The presidents of Guinea, Liberia and Sierra Leone appealed for help in the form of health workers and millions of additional dollars, not only to fight the haemorrhagic fever, but also to prevent severe economic fallout in affected countries.

"The countries are in a very fragile situation," Guinean President Alpha Conde said in Washington.

He pointed out that two-thirds of those infected belong to the most economically active age segment of the population, those between 15 and 50.

"Unless we quickly contain and stop the Ebola epidemic, nothing less than the future, not only of West Africa, but perhaps even Africa, is at stake," World Bank President Jim Yong Kim said.

Meanwhile in Europe, the treatment of Ebola patients evacuated from West Africa continued apace.

One man - a UN employee from Liberia - landed in the eastern German town of Leipzig for treatment early Thursday, local officials said.

He is the third person infected with Ebola to be treated in Germany.

He landed shortly after 03:00 GMT in a modified Gulfstream jet equipped with an isolation chamber and was met by a medical team in biohazard suits and two ambulances.

In Spain, meanwhile, the health of a nurse suffering from Ebola - the first infection to have taken place on European soil - is in decline, her brother said.
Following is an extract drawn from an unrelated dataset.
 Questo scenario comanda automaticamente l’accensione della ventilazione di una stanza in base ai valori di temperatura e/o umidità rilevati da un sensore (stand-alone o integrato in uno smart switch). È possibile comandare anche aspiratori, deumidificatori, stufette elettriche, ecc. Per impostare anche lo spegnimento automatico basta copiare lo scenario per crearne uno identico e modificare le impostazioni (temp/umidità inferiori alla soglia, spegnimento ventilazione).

His comments were confirmed by the hospital.

The Madrid clinic where she works - which was forced to admit that improper handling of an Ebola case may have caused the infection -quarantined an additional four people, among them three doctors and one nurse.
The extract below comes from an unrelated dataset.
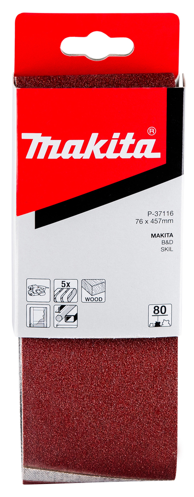Sanding belt 76 x 457 mm 80G, 5 pcs
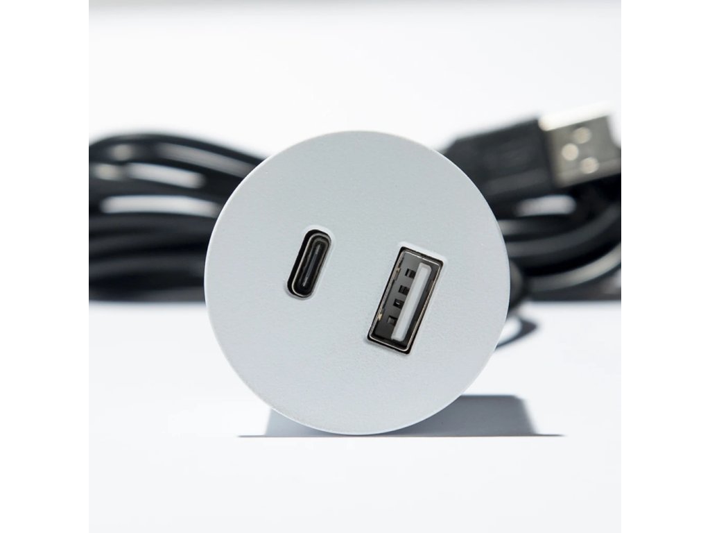 Bietet USB-Schnellladung A+C mit einer Gesamtleistung von 30 W (5V/3A oder 9V/2A). Das mitgelieferte 1,8m USB-A-Kabel erleichtert die Verlegung zwischen Möbelteilen und ist mit Euro/USB-Steckern kompatibel.

The latest infections have raised fears of the virus spreading within European borders. A spokesperson for EU Health Commissioner Tonio Borg said that the introduction of new screenings at European airports was being discussed in Brussels.

"This is a competence of the member states, in the sense that each member state could decide to impose new screenings and checking at the airport. Nevertheless, we are now discussing [it] at EU level - it's under consideration," he said.